About this task:
Set down all of the entries word for word, omitting the images they contain.

[Entries taken from a collection]
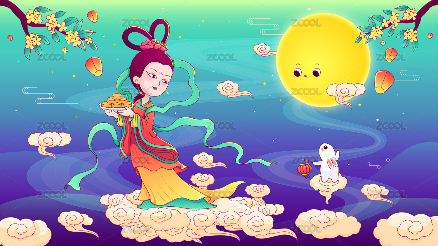 中秋节嫦娥送福矢量插画
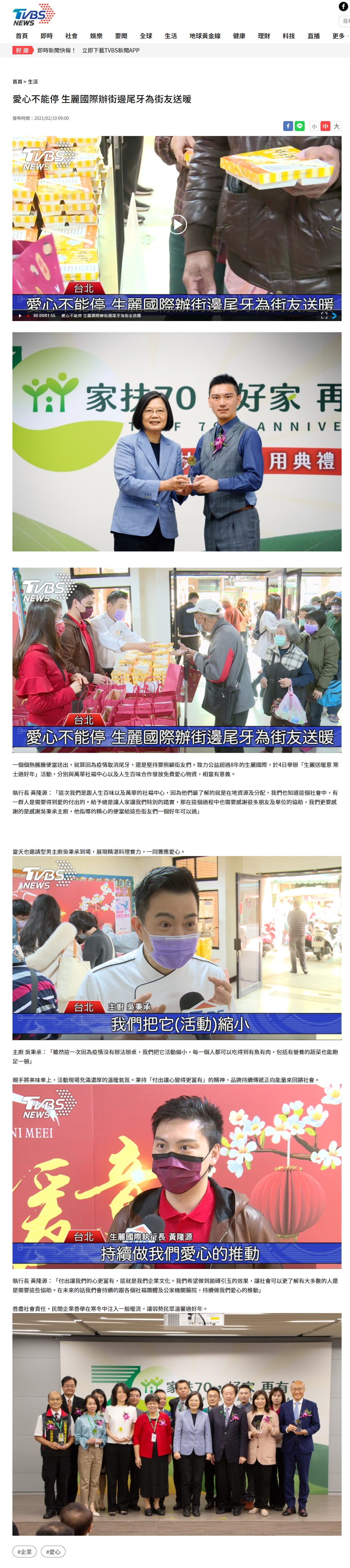2021-2-10 TVBS新聞【愛心不能停 生麗國際辦街邊尾牙為街友送暖】
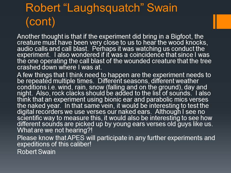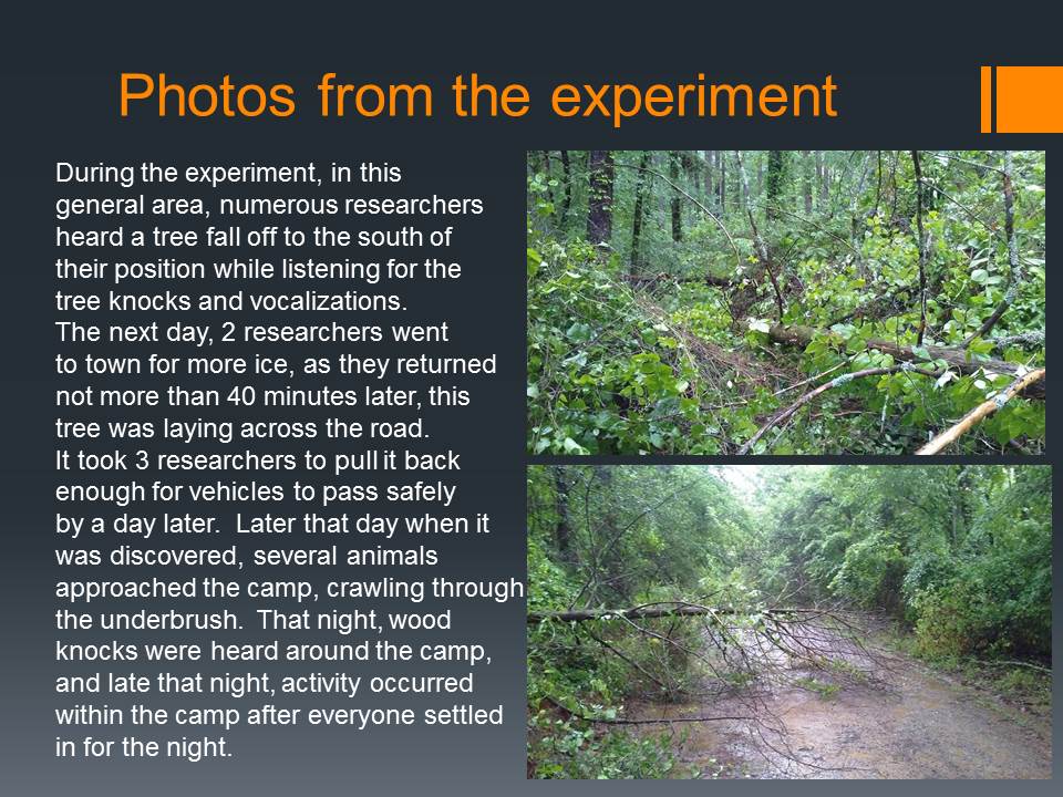 The MABRC and APES groups conducted experiments to see if the distance of wood knocks and vocalizations varied under different conditions and at what distances they could be heard from. What the data showed afterwards, along with the personal experiences of those who participated, it opened their eyes to some dramatic results.
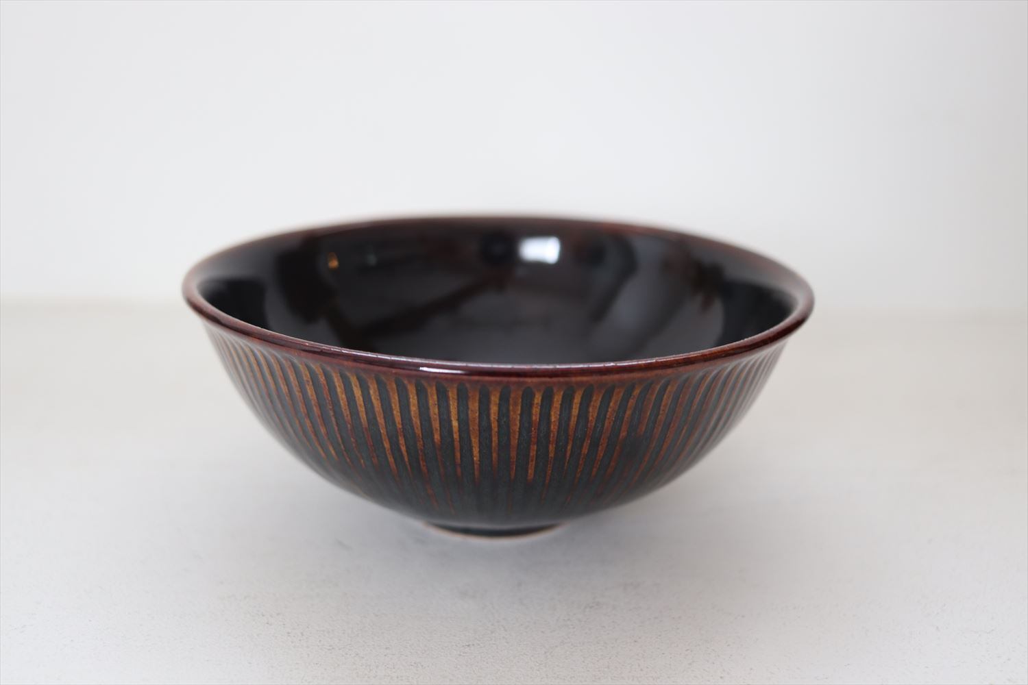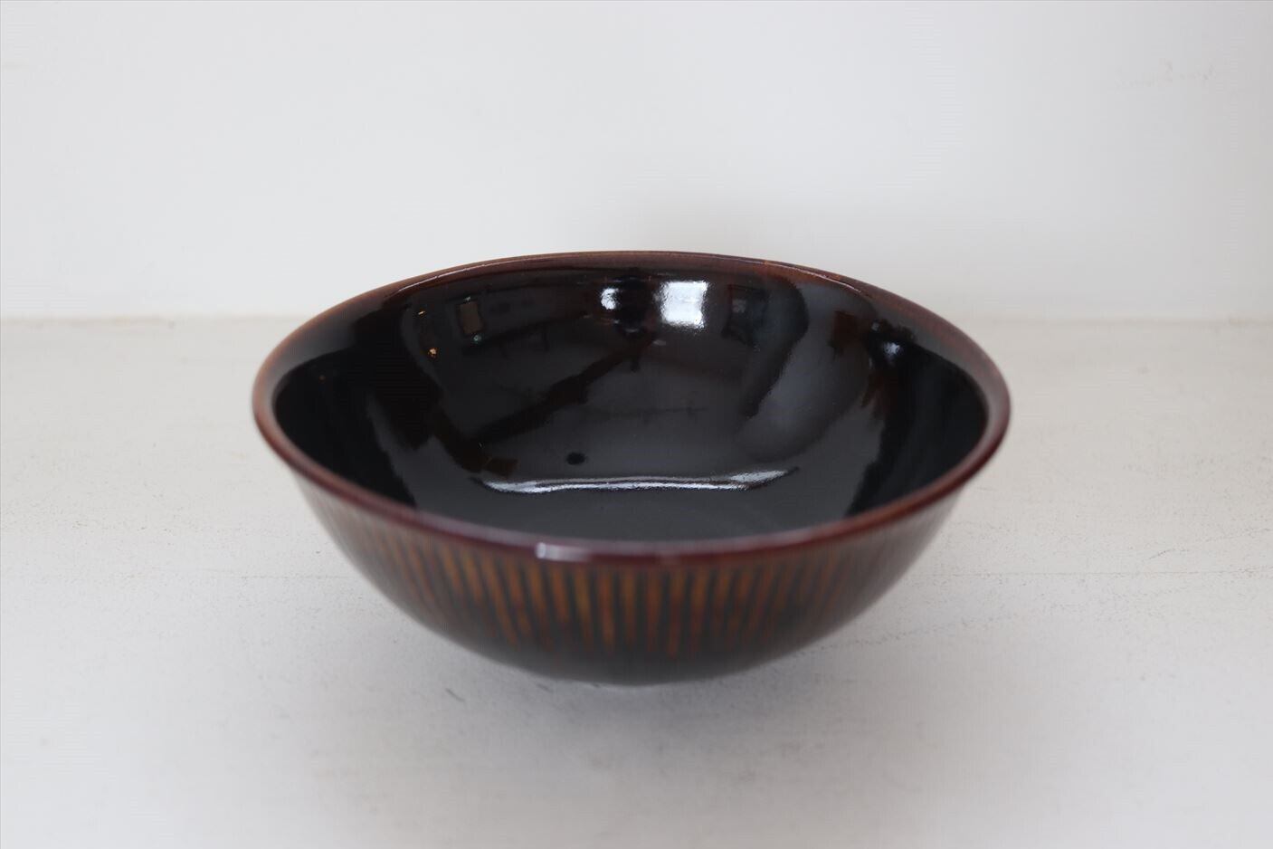 光沢のある美しい飴色です。高さもあるのでいろいろに使いやすい鉢です。
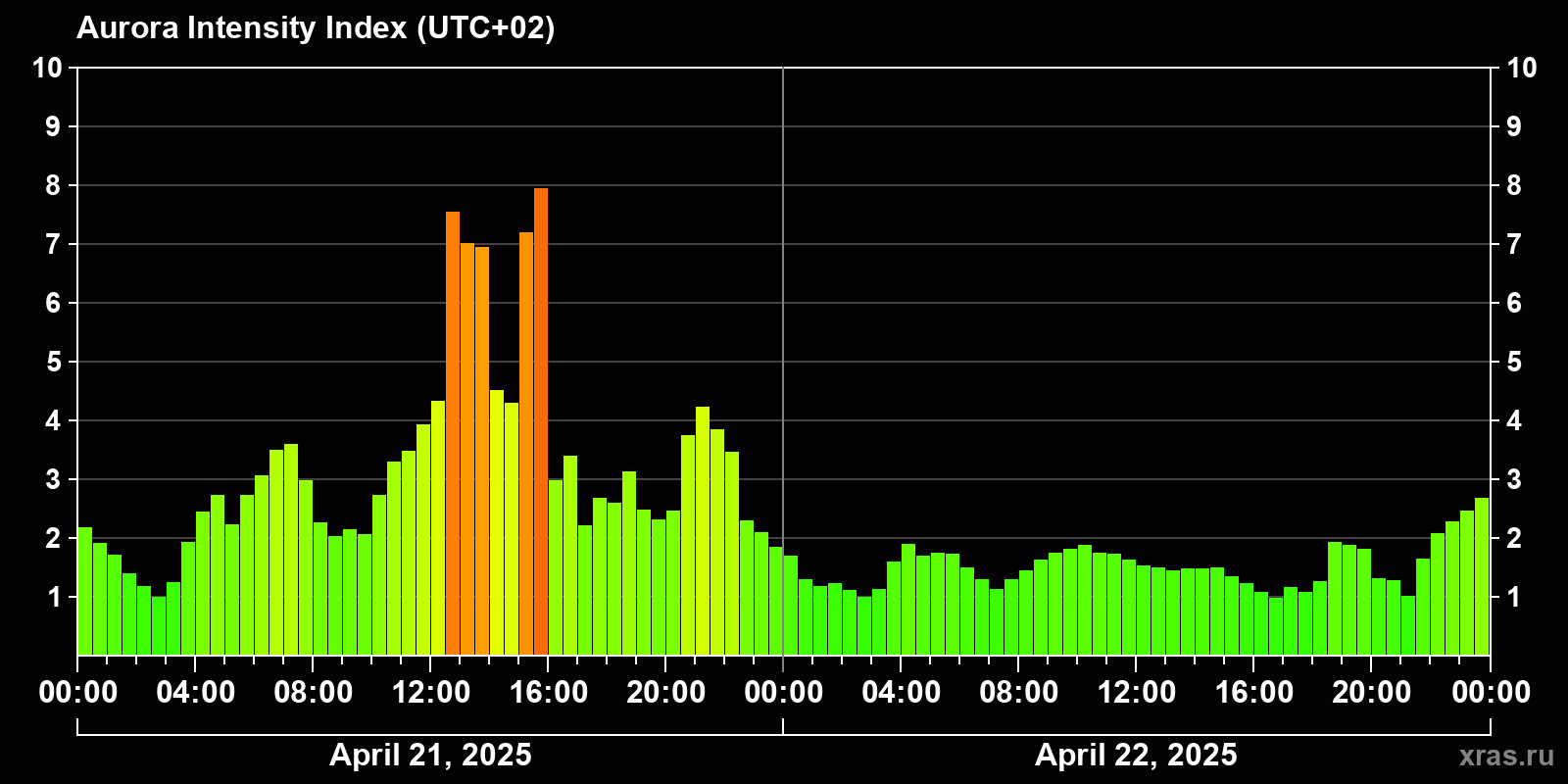 Changes in the auroral intensity index from 2025-04-21 to 2025-04-22 local time

Exercise solution:
 中秋节嫦娥送福矢量插画
2021-2-10 TVBS新聞【愛心不能停 生麗國際辦街邊尾牙為街友送暖】
 The MABRC and APES groups conducted experiments to see if the distance of wood knocks and vocalizations varied under different conditions and at what distances they could be heard from. What the data showed afterwards, along with the personal experiences of those who participated, it opened their eyes to some dramatic results.
 光沢のある美しい飴色です。高さもあるのでいろいろに使いやすい鉢です。
 Changes in the auroral intensity index from 2025-04-21 to 2025-04-22 local time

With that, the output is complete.